Monday, 20 June 2011

Oracle database backup, restore and recovery - notes to self

Backup, Restore and Recovery with Oracle 
(Based on notes from Ganesh's friend largely based on Oracle docs)


Backup
A database backup is is a copy of the data stored in a database. There are two types of backups: physical backups and logical backups. 
A physical backup is a copy of the files that belong to a database at a specific point in type. It can either be a cold backup or hot backup. 
A logical backup is does not copy the files, instead, it extracts the data into a specific file format (for example with exp.) 
A backup is needed to restore the data in a database if it gets damaged. 
Some structural changes as well as direct path load require a backup. 


Consistent and inconsistent backups


Consistent backup
A consistent backup exhibits the following three properties: 
All headers of datafiles that belong to a writable tablespaces have the same checkpoint SCN. 
These datafiles don't have any changes past this checkpoint SCN. 
Lastly, The SCNs of the datafile headers match the checkpoint information in the controlfiles. 


Inconsistent backup
An inconsistent backup is where some files contain changes that were made after the files were checkpointed. A recovery is needed in order to make the backup consistent. 
An inconsistent backup is created by a hot backup. Also, if the database crashed (or was shutdown abort) and then the backup was made. 


Restore
A restore is the copying of backed up data to their original location in order to recover the database. 
Usually, a file is restored after a media failure. However, there are other situations where a file is restored, for example a point in time recovery. 


Recovery
Recovery is the process of bringing the database "up to date" since the last backup (whose data files would have been restored).

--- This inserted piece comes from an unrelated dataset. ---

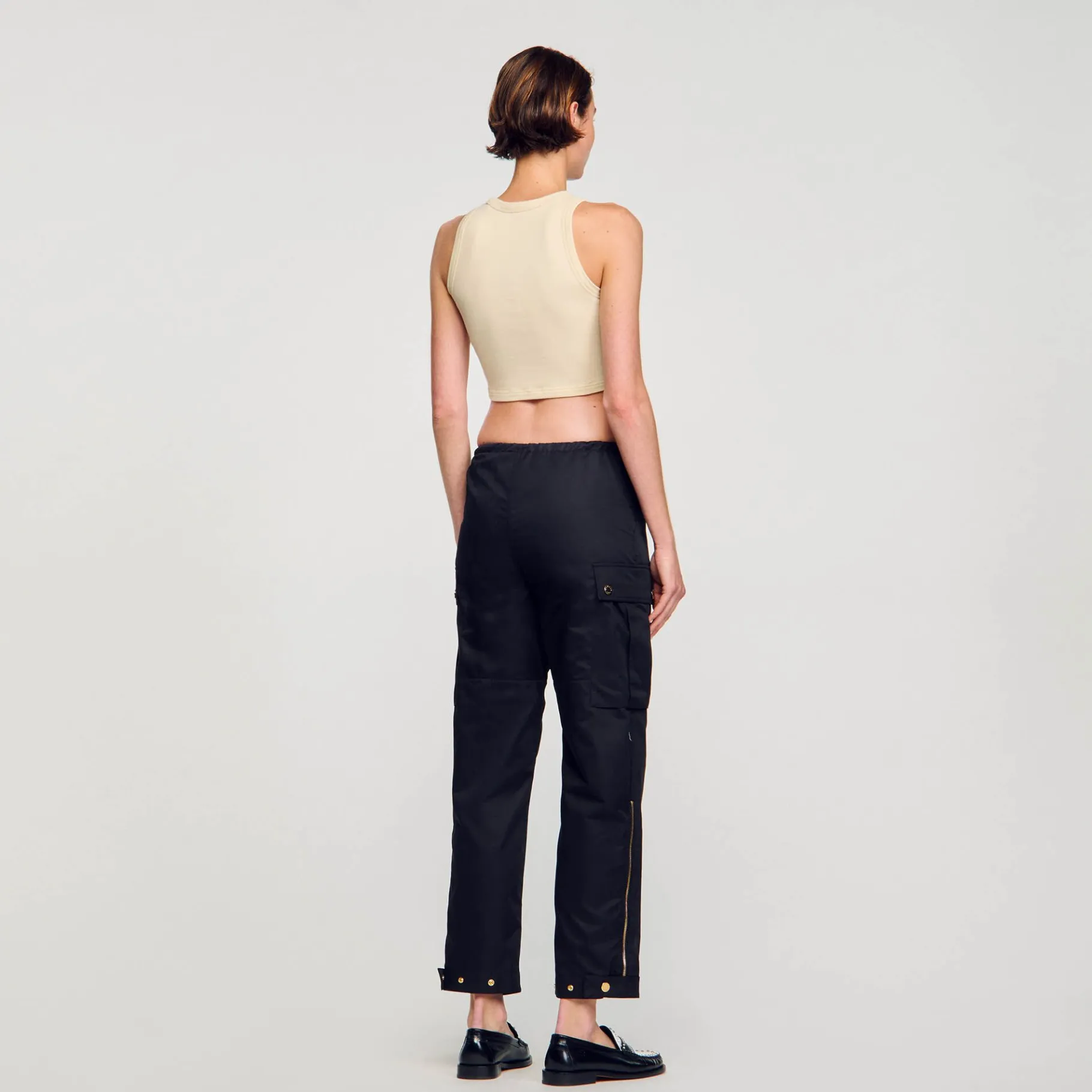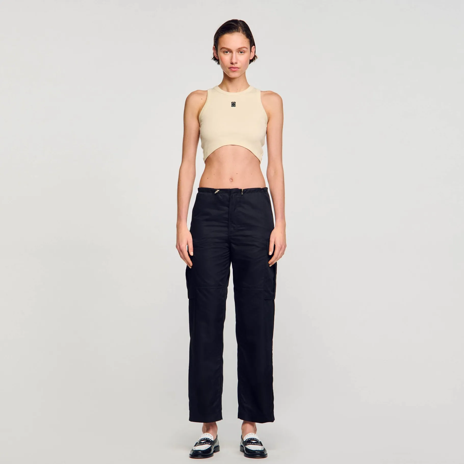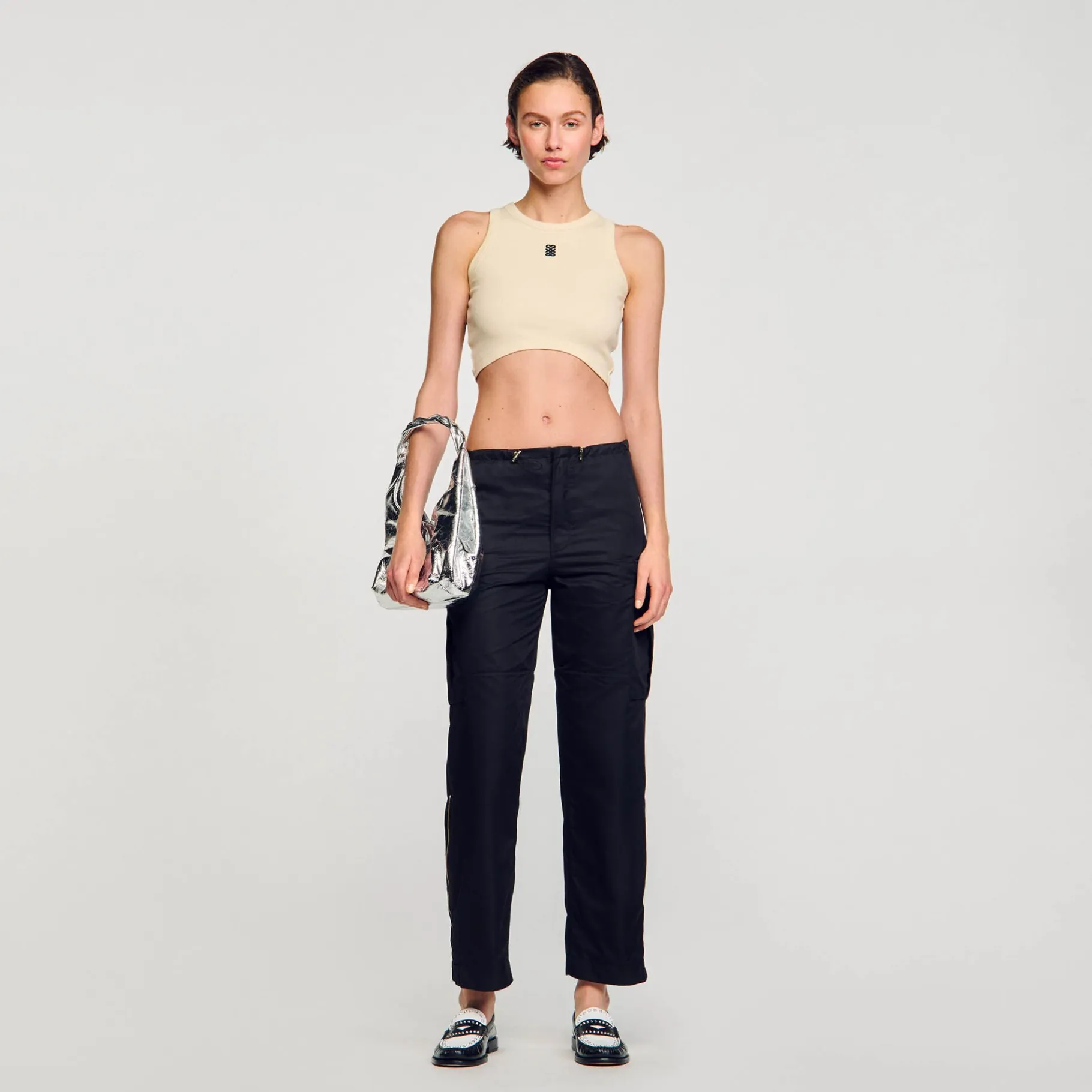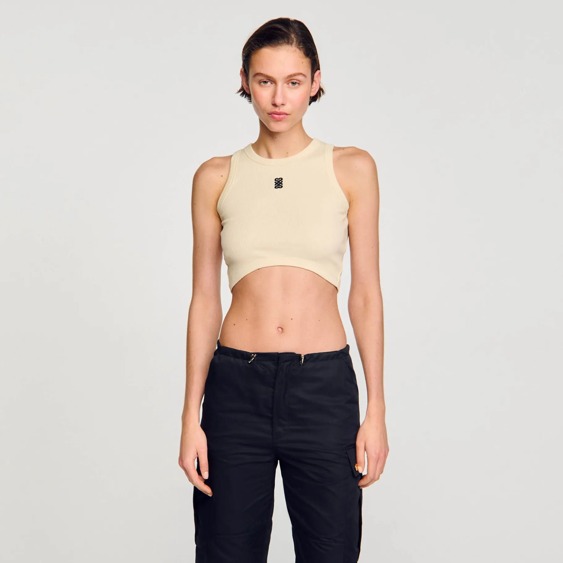 Regata Recortada Em Malha Canelada, Com Decote Redondo E Detalhe De Bordado Duplo S Contrastante.

All database changes are applied to the restored database files by "rolling forward" on the archived redolog files. 
It is also possible to recover (incomplete) if the current redo log is lost or if the controlfiles are lost. 
In rare cases consider applying the unarchived redolog file/s in the recovery process if it makes sense.


Types of recovery
There are four types of recovery: 
• Media/Datafile media recovery 
• Crash recovery 
Oracle performs an automatic crash recovery when the instance is started after a shutdown abort or after a crash. 
A crash recovery 'only' uses the online redo log to recover online datafiles. 
Crash recovery is the recovery of a database in a single-instance configuration or an Oracle Real Application Clusters configuration in which all instances have crashed. In contrast, instance recovery is the recovery of one failed instance by a live instance in an Oracle Real Application Clusters configuration.
• Instance recovery 
Instance Recovery is only used in a RAC environment. It is the application of online redo log by one instance that detected the crash of another instance.
• Disaster recovery 


There are at least five options to be considered for disaster recovery when running Oracle: 
• OPS (Oracle Parallel Server) 
• Replication 
• Standby databasess 
• OS oriented solutions 
• Architectural solutions 


A recovery (if it is not a crash recovery) can either be a 
• Complete recovery, or an 
• Incomplete recovery (Also known as Point in time recovery (PITR), or database point in time recovery (DBPITR))
Not all redo generated since the last backup is applied in a incomplete recovery. It is also called database point in time recovery (DBPITR). 
Flashback can sometimes be used as an alternative to point in time recovery


Performing backup and recovery


Backups and recovery can be performed either 
• with RMAN (the recovery manager) or 
• using SQL*Plus and operating system file copy commands (such as cp on Unix and copy on Windows). 


recover syntax


recover database until cancel
recover database until time '2004-03-21:22:59:04'
recover database until change 123456


recover datafile 'filename' until cancel
recover datafile 'filename' until time '2004-03-21:22:59:04'
recover datafile 'filename' until change 123456


recover tablespace ts_name until cancel
recover tablespace ts_name until time '2004-03-21:22:59:04'
recover tablespace ts_name until change 123456


recover database using backup controlfile


Until time
Performs a incomplete recovery (=Point in time recovery). 
The format of the time is 'YYYY-MM-DD:HH24:MI:SS' 


Until change
Performs a incomplete recovery. 
The number that follows until change is an SCN. In order to recover up to and including SCN 999, use recover until change 1000. 


Standby database
Recovers a standby database. 


Using backup controlfile
Don't use the current controlfiles, use backed up control files instead. 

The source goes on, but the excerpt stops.